Friday, May 19, 2017

Alien: Covenant Review

By: Haylee Fisher (@haylee_fisher)

WARNING: SPOILERS (AND BLOOD) AHEAD


When it comes to the Alien franchise, you know what you’re going to get: jump scares, blood and gore, death, and aliens. And that’s exactly the case with Alien: Covenant.

The film is a direct sequel to 2012’s Prometheus and follows a crew on the colony ship Covenant bound for a remote planet on the far side of the galaxy to start a new life. En route, they receive some signal interference and an inaudible message, later discovering it’s coming from a previously undiscovered (to them) planet. They decide to investigate the planet that they think may be more hospitable than their original destination, Origae-6, but soon come to find out there are more nefarious goings-on in play and must escape this dangerous world or die trying.



So many themes in Alien: Covenant invoke literary motifs, like the evil twin archetype, or even biblical ones, as evoked by the title itself with a covenant. In the Bible, God made many covenants, or promises, with man, the most important believed to be his promise to never again destroy the earth, and that destruction is mirrored in a sequence in the film.

It also deals with the conflict of man vs. faith, with the man in question being Billy Crudup’s Captain Oram, who fulfills a similar role to Prometheus’ Elizabeth Shaw (Noomi Rapace) and who also struggled with opposing concepts of science and her convictions and the conflict therein. However, for a captain, Oram is kind of dumb. On the other hand, his actions could be defended and perhaps justified by interpreting them as having too much faith in people and his surroundings.

A crew that includes Jussie Smollett, Danny McBride, Michael Fassbender, and Katherine Waterston – whose role recalls Sigourney Weaver’s in the original – join Crudup on board the Covenant. James Franco also makes a cameo, continuing his trend of appearing in every movie ever made. Though the movie is long, I wish there would have been more character development of the humans in the crew. I wanted to feel sad as they were offed, though maybe I’m too rational and knew that since this was an Alien movie, they weren’t all going to make it anyway. Even still, Waterston’s Daniels is the most levelheaded and resourceful, and I wouldn’t mind another movie of her fighting her way out of bad situations. The other crewmembers just felt under-developed and their actions predictable.



The film also explores what makes a man (or woman): is it faith? Bravery? A creator? That’s where Fassbender comes in, playing the dual roles of David and Walter. The first scene in the movie takes place before Prometheus chronologically, and shows how David, an android, came to be. We meet his creator and learn his motivations – he wants to make something eternal that has the potential to also create, and perhaps become a father to nations (there’s another biblical covenant – God’s to Abraham – coming into play). As the film goes on, we learn he is in fact a creator, just as Peter Weyland created him. And he is determined to create beings with his same desire for domination. But is Weyland a monster for creating him, or is David the monster for creating the things he does?

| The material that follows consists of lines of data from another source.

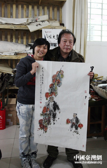 回鄉(xiāng)期間,汪蘇芳儀女士一行還特意拜會了她的老朋友——臨澧縣知名畫家覃仕泉先生。去年11月,汪蘇芳儀女士陪同她的婆婆汪老太太回鄉(xiāng)祭祖,曾與覃仕泉先生有過一面之緣,汪老太太還獲贈覃先生國畫作品《喜盈門》。對于這幅作品,汪老太太十分珍愛,回到臺灣后,頻頻向親友展示。汪蘇芳儀的大女兒是個國畫迷,看到《喜盈門》這幅作品后愛不釋手,便撒嬌向奶奶索要。一向疼愛孫女的汪老太太卻一反常態(tài)沒有答應,“這是覃大師送我的,誰也不送,我要將它掛在自己的房間里,看到這幅畫就像看到了家鄉(xiāng)的親人!甭犃送籼K芳儀女士的介紹,覃仕泉先生非常感動,當即潑墨揮毫,現(xiàn)場作畫《又是一年春來早》相贈其大女兒。得到覃先生的墨寶,汪蘇芳儀和她的兒女們十分高興,表示一定將其帶到臺灣好好珍藏,更希望覃先生能到臺灣去開個人畫展,把湖湘文化介紹到臺灣,讓更多的臺灣同胞了解我們的傳統(tǒng)文化。(中國臺灣網(wǎng)臨澧縣臺辦通訊員 伍玲)
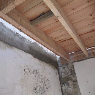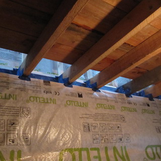 При монтаже деревянных балок перекрытия снизу наката под штукатуркой устраивают пароизоляцию из рулонного материала, которая предохраняет древесину от загнивания при ее увлажнении в холодное время года вследствие проникания водяных паров из верхнего этажа в чердачное перекрытие.
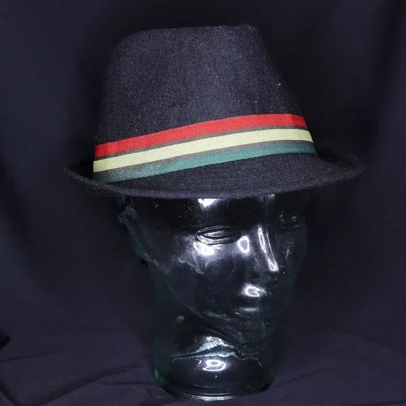 This classic black fedora is upgraded with a red, gold, and green striped band—a nod to roots, rhythm, and rebellion. The soft felt body and structured brim make it a standout piece that’s both refined and expressive.
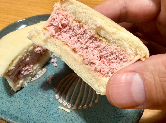いざひと口食べてみると……はいありがとうございます。スポンジがほろっと崩れ、苺ホイップの甘酸っぱさがふわっと広がり、その後にホワイトチョコのミルキーなコクが包み込む。
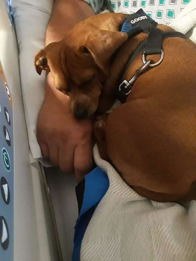 ▼來到醫院探望把拔後,牠什麼地方都不想去了,只是乖乖地躺在把拔的身邊…
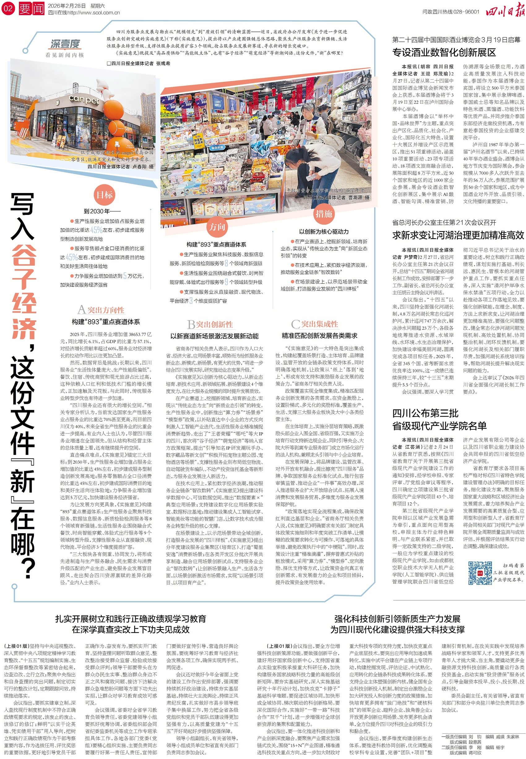 近日,在四川省出台的一份实施意见中,“谷子经济”“萌宠经济”等新潮词语被写入文件。该文件锚定“力争服务业增加值达到5万亿元,加快建设服务经济强省”等目标,提出聚焦生产性服务业育新强链、生活性服务业转型升级、支撑性服务业提质扩容三个领域,以新赛道新场景激活服务业发展新动能。今日二版,看四川如何为服务业发展绘蓝图。
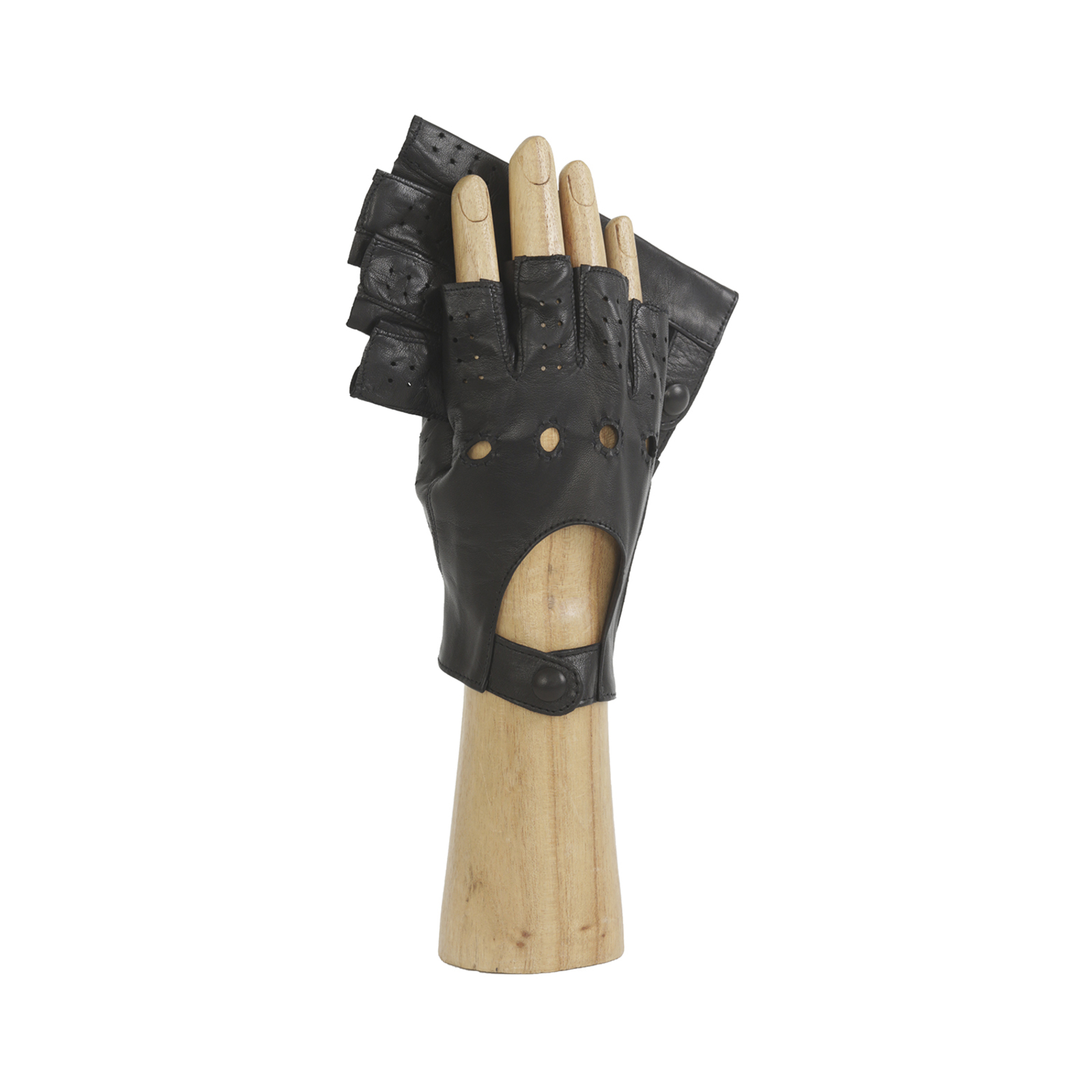 Fingerless driving glove for men in unlined lamb leather.
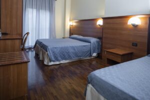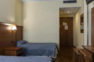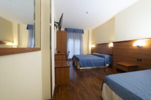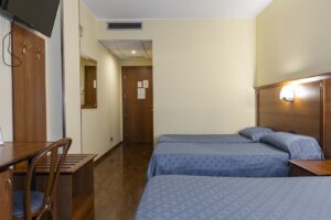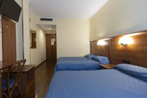 Camera tripla climatizzata e insonorizzata con minibar e parquet in legno, dotata di 1 letto matrimoniale e 1 letto singolo. L'intera unità è situata al piano terra. Parcheggio privato disponibile gratuitamente in loco senza prenotazione.
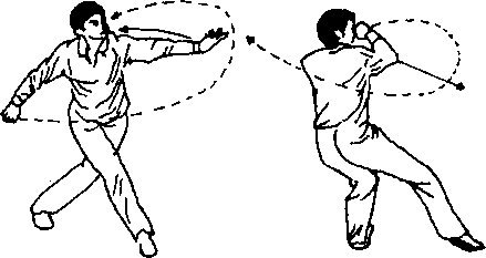 采来拳之腕时,力点在右手五指。圈打头部时,力点在左拳 眼。
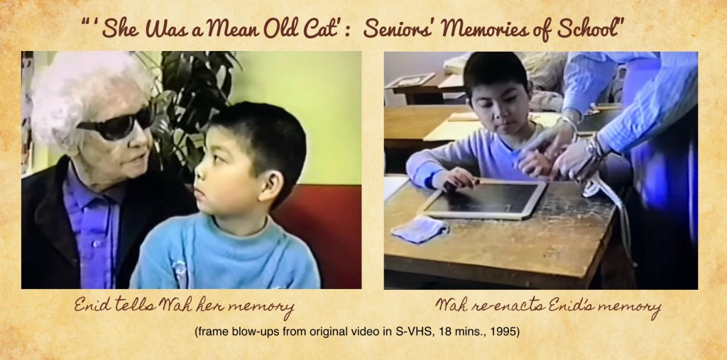 I’m also an accomplished independent filmmaker with 24 shorts and two feature-length films and videos to my credit. Two of my short films were nominated for Genies and, along with one of my features, have been screened internationally. (View Reading Between the Lines and my feature PATH on vucavu.com.) Most of my early films are distributed through the Canadian Filmmaker’s Distribution Centre. Many of my more recent shorts can be viewed on YouTube. Search “the Martha Tapes.” In this group of videos, there are two that were made in 1995 with my grade 3 class in the intergenerational program which I ran for many years. One of these, She was a Mean Old Cat, has the children valiantly re-enacting the seniors’ strong school memories in the setting of the old-fashioned schoolhouse. It is poignant and heartbreaking. (Check out the comment made by a former grade three student!)
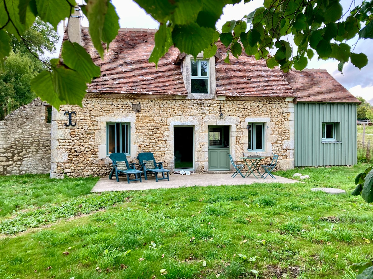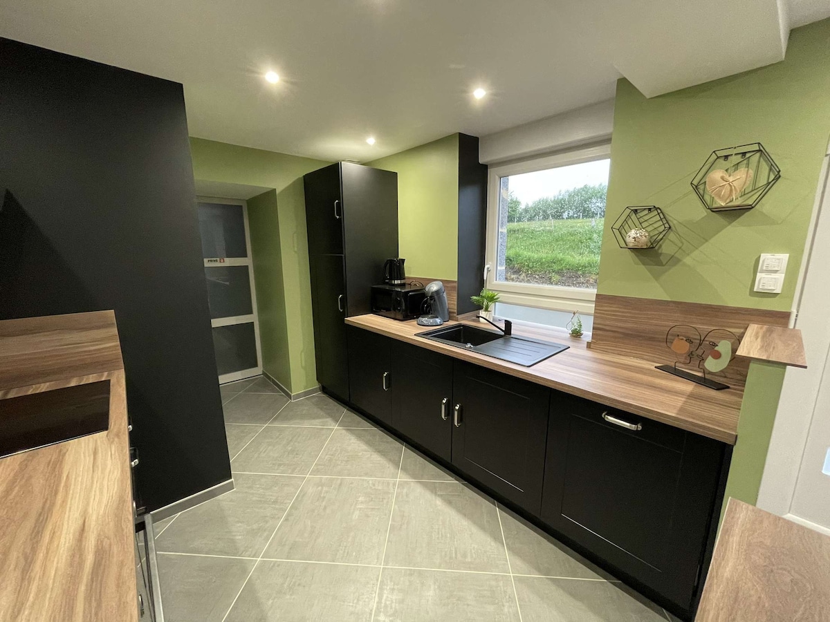 Cosy, completely renovated and fully furnished small house. Living room with pellet stove and fully equipped kitchen. 2 large bedrooms and a bathroom upstairs. Terrace, large garden and orchard with sheep! Ideal for a week-end in couple and with your family or for remote work: equipped with desk and 2nd screen, wifi everywhere in the house. Nature will be all around you. Nearby: the countryside and the forest
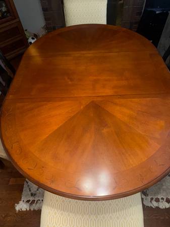 Elegant wooden dining table with mixed chairs, perfect for a cozy dining room.
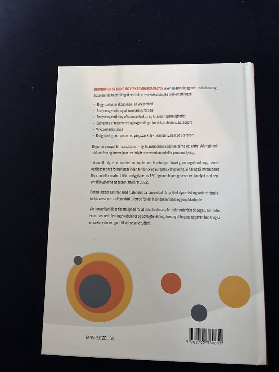 Økonomisk styring og virksomhedsanalyse er en praksisorienteret lærebog, der henvender sig til studerende på finansøkonom- og finansbacheloruddannelsen. Denne 9. udgave er nøje opdateret med de nyeste ændringer i lovgivningen pr. efterår 2023, og de praktiske eksempler i alle kapitler er revideret, så du får et tidssvarende og relevant undervisningsmateriale. Bogen giver en grundig gennemgang af centrale erhvervsøkonomiske problemstillinger – fra baggrunden for virksomhedens økonomi og analyse af investeringsforslag til vurdering af balancestruktur og finansieringsmuligheder. Desuden findes en detaljeret gennemgang af regnskabets opbygning og det tilhørende lovgrundlag for årsrapporten, virksomhedsanalyse samt budgettering som et vigtigt økonomistyringsværktøj, herunder anvendelsen af Balanced Scorecard. Kapitel 10 er særligt udbygget for at imødekomme de nye krav til supplerende beretninger under både dansk og europæisk lovgivning, og indeholder flere nye modeller med fokus på bæredygtighed og ESG. For at støtte din læring er der tilknyttet undervisningsvideoer og praktiske Excel-ark med løsningsforslag, som giver mulighed for at arbejde målrettet og i dit eget tempo med stoffet.

When David meets Walter, a later version of himself, it’s clear he wants Walter to join his mission: to create new life by melding aliens and humans, the latter of which he feels doesn’t deserve to live. But Walter is more empathetic to humans, reluctant to unite with David and his cause, and thus is his weakness. Though he was programmed to be more unemotional than David, he in fact has learned to care for his human companions. David and Walter are the most developed characters, though some of their time could have been cut, like the weird flute scene, though it did serve the purpose of showing Walter could create, too, despite how he had been programmed.

The movie is beautifully shot, with Ridley Scott at the helm yet again. It’s obvious he loves the franchise, and seeks to be more ambitious with each film. It’s a dark movie, both in color and in tone, and he gives the audience what they want when watching an Alien movie: intense action, blood (lots of blood), terrifying situations and imagery, and aliens bursting forth from their hosts’ chests.

Though perhaps only advancing the franchise from Point A to Point B – and a bit predictably at that – as opposed to Point A to Point C, Alien: Covenant is exactly what you want and what you expect it to be. Though the plot is a bit weak, it gets the job done of bridging the gap between Prometheus and Alien, and fans of the series won’t leave disappointed in the amount of horror in their favorite horror franchise.